One of the options the army is looking into is whether the family members were hurt as a result of an explosion of weapons on the gunmen’s bodies.

Yeah, how do you know it wasn’t a Palestinian suicide bomber that murdered this Palestinian family by blowing up the entire house? Huh? That could happen.

Addressing the possibility that the family was hit by IDF fire, the source said, “This is an essential activity taking place within the populated areas in a bid to distance the terrorists from the border fence. If we don’t operate there, we’ll find the terror organizations on the border fence and inside Israel.”

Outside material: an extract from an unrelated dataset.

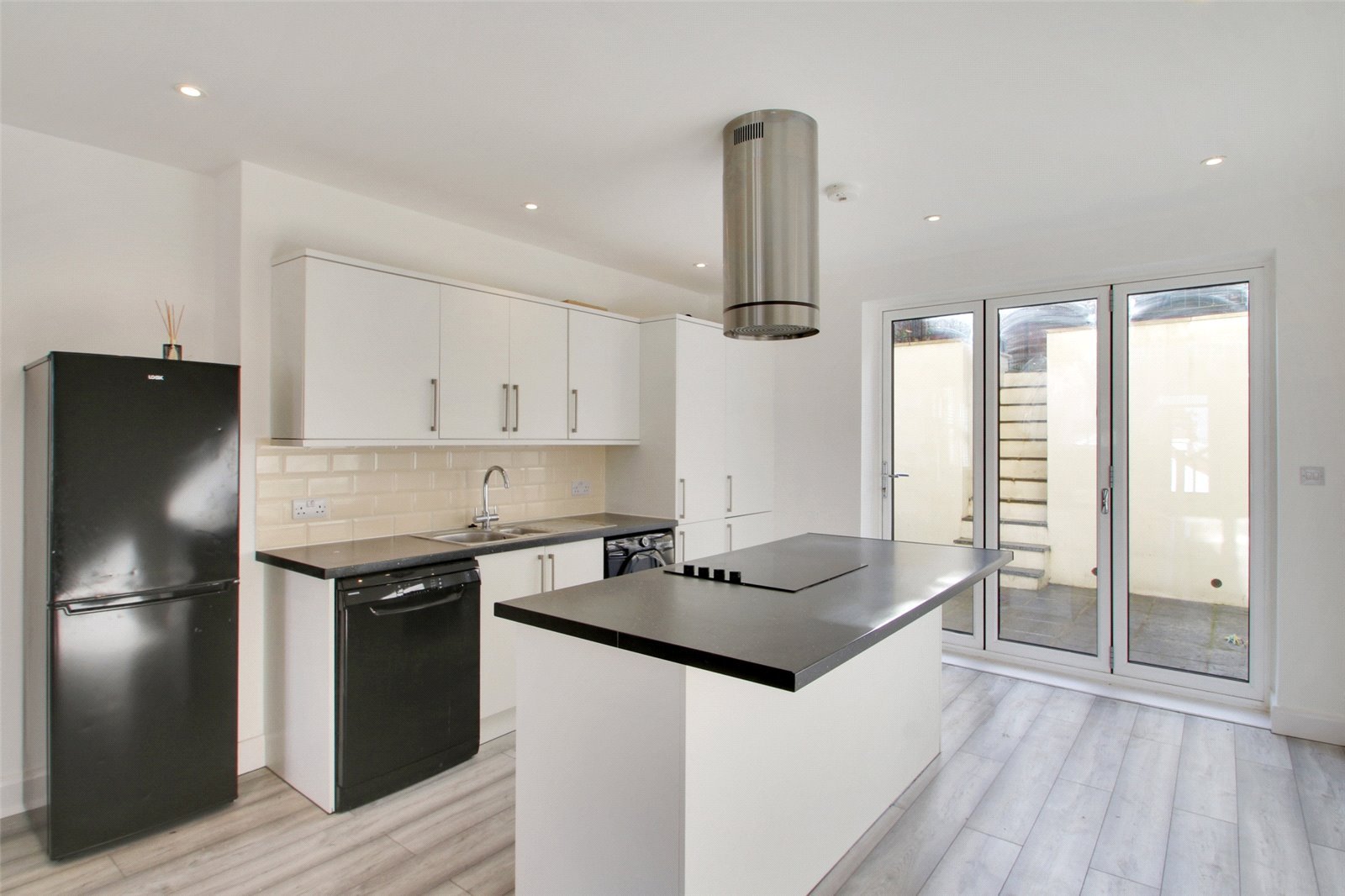 Kitchen Area 11'9" x 10'6" (3.58m x 3.2m). Double glazed triple bi-fold doors to rear. Laminate flooring. Plain ceiling with downlights. Radiator. Fitted white wall and base units with contemporary work surfaces over. Island with ceramic Lamona hob and Lamona stainless steel oven with stainless steel chimney filter hood over. One and a half bowl stainless steel sink and drainer unit with mixer tap. Local tiling to walls. Hoover washing machine. Kenwood dishwasher. Logik fridge/freezer. Cupboard housing Ideal Independent C30 combination boiler.

OK OK…it’s possible that the IDF killed them, but listen…the Israelis have to fight the Palestinians over there in Gaza and the West Bank so that they don’t have to fight them in Israeli cities. Fighting in Israeli cities would just, like, totally wreck their beautiful democracy. Ask George Bush. This is totally moral.

We are pursuing a comprehensive strategy to win the war on terror. We’re taking the fight to the terrorists abroad so we do not have to face them here at home. (Applause.) We’re denying our enemies sanctuary and making it clear that America will not tolerate regimes that harbor or support terrorists. And we’re spreading freedom, because the terrorists know there is no room for them in a free and democratic Middle East. (Applause.) - George W. Bush speech, 7/4/05, West Virginia University, Morgantown, West Virginia

UPDATE: Exhibit A: Israeli Defense Minister Ehud Barak

Defense Minister Ehud Barak placed the blame squarely on Hamas.

“We see Hamas as responsible for everything that happens there, for all injuries,” he said while on a tour of an Israeli weapons factory, as reported on Israeli radio. “The army is acting and will continue to act against Hamas, including inside the Gaza Strip.”